The cannon were discovered in two locations in 2010 by Weymouth-based Shipwreck Project divers.
An inshore site close to Chesil Beach contains eight cast-iron guns identified as English 24-32-pounders, cast between 1650 and 1725. Their varying lengths suggests that they were cargo on a merchant ship.
An offshore site 220m further south contains another seven cast-iron English cannon, one probably a six-pounder, cast in the second half of the 17th century.
Sediment build-up has made it difficult to date the guns at either site, but the one offshore is believed to be the wreck of a timber sailing ship and, because the cannon are unlike those found inshore, it could be a different wreck.
Possibilities are the Dutch West Indiaman De Hoop, which stranded at Chesil Cove in 1749, and the British cargo vessel Squirrel, which stranded on Chesil Beach the following year.
HE says that the sites have significant potential for further study and comparison with other protected cannon-sites such as at West Bay and Salcombe.

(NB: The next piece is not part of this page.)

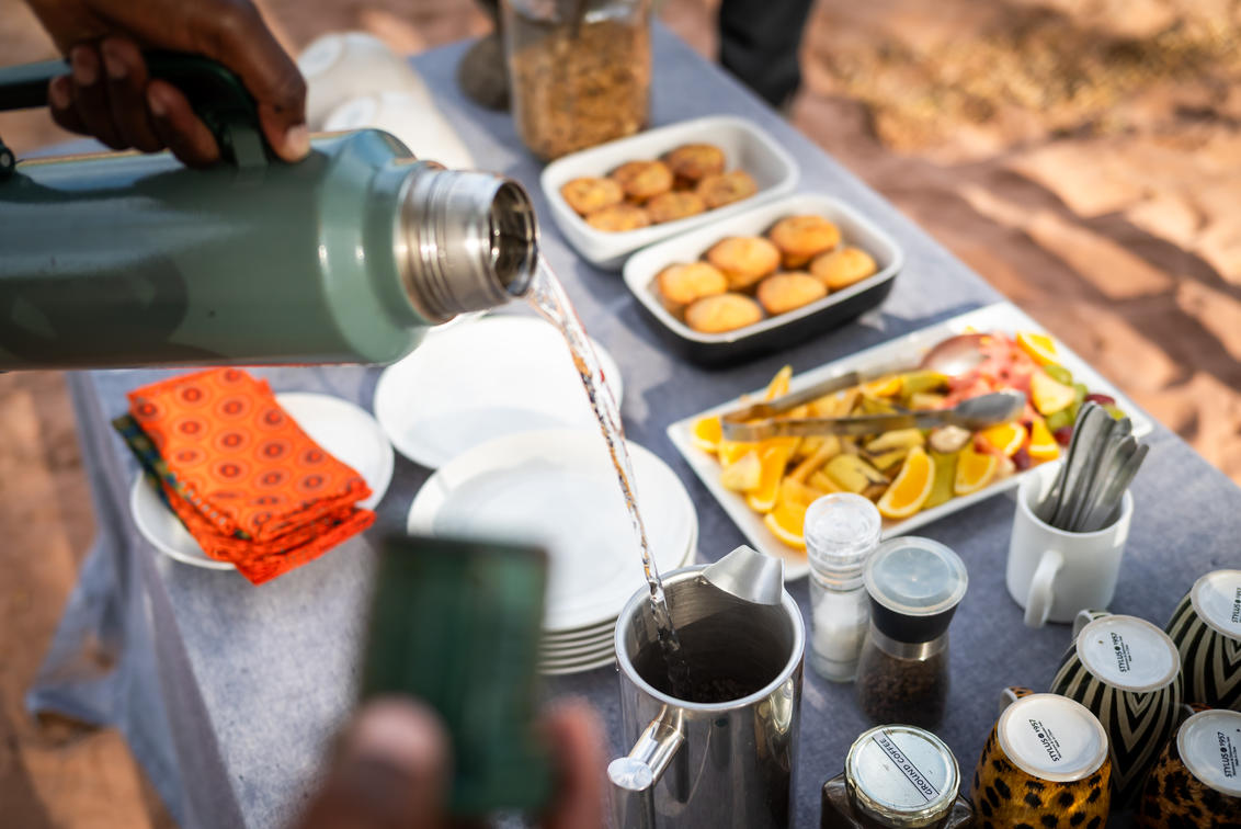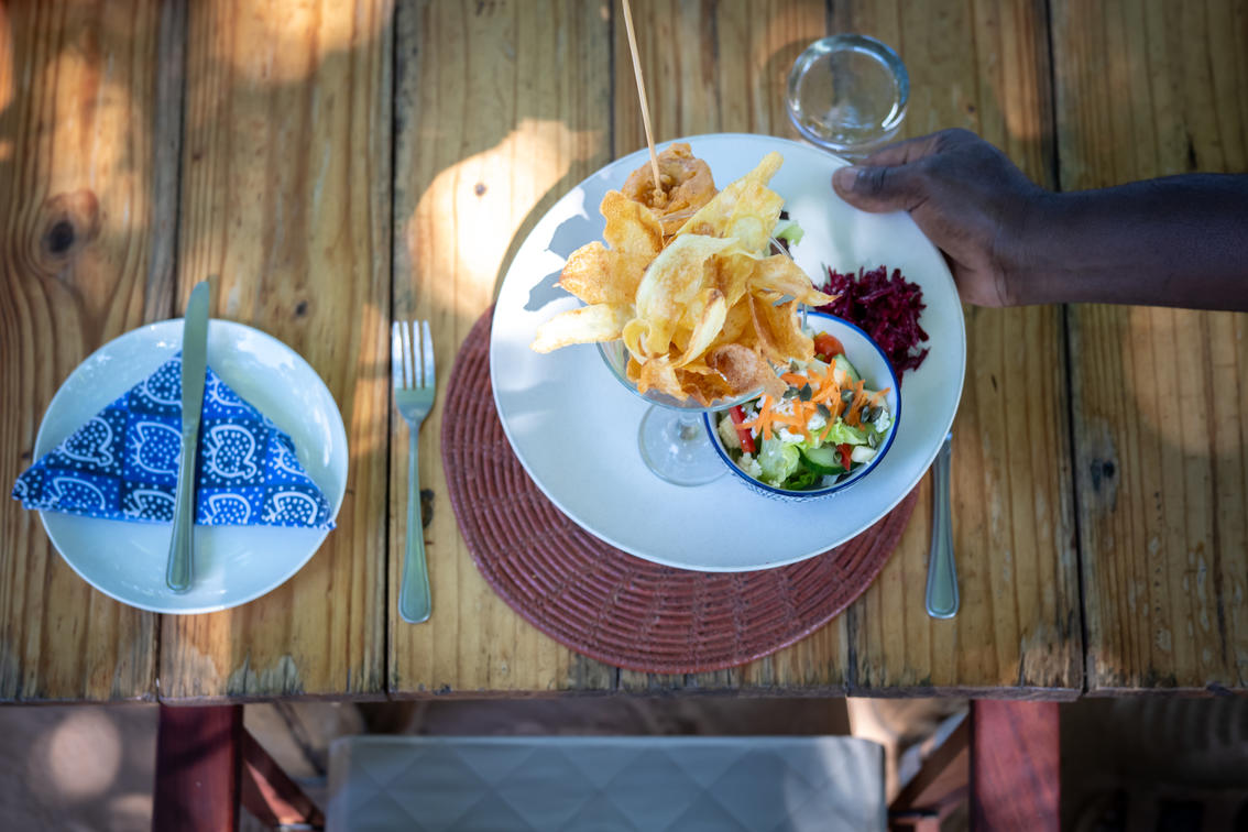 Da una ricca colazione nella boscaglia a un pranzo rilassante, seguito da un aperitivo al tramonto dorato e da una deliziosa cena sotto le stelle, ogni pasto è un'esperienza a sé stante.

The U-boat is a German Imperial Navy UC-70 mine-laying submarine commissioned in 1916. It conducted 10 patrols and sank 40 ships during the war before being bombed on 28 August, 1918 off Whitby, with the loss of all crew.
The Type UC II-class is regarded as the most successful submarine design in history. UC-70 was discovered as part of HE’s recent work to research and survey WW1 submarine losses in UK territorial waters around England.
“These wrecks are separated by 280 miles and almost 300 years but they both comprise important elements of our maritime heritage,” said HE Chief Executive Duncan Wilson.
“The importance of the UC-70 lies in its historical interest and the vulnerability of its component parts as well as its sensitivity as a war grave.
“The Chesil Beach wreck site is also important but for different reasons – it’s rare to discover wooden ships of this age surviving on the seabed with so many cannons.”
Divers are allowed on protected wreck-sites, of which there are 53 around England, but only under licence from HE.
Two current protected historic shipwrecks, HMS Colossus in the Isles of Scilly and the Hazardous in Bracklesham Bay, West Sussex, have had their protected areas increased, following the discovery of archaeological material lying outside the previously designated areas.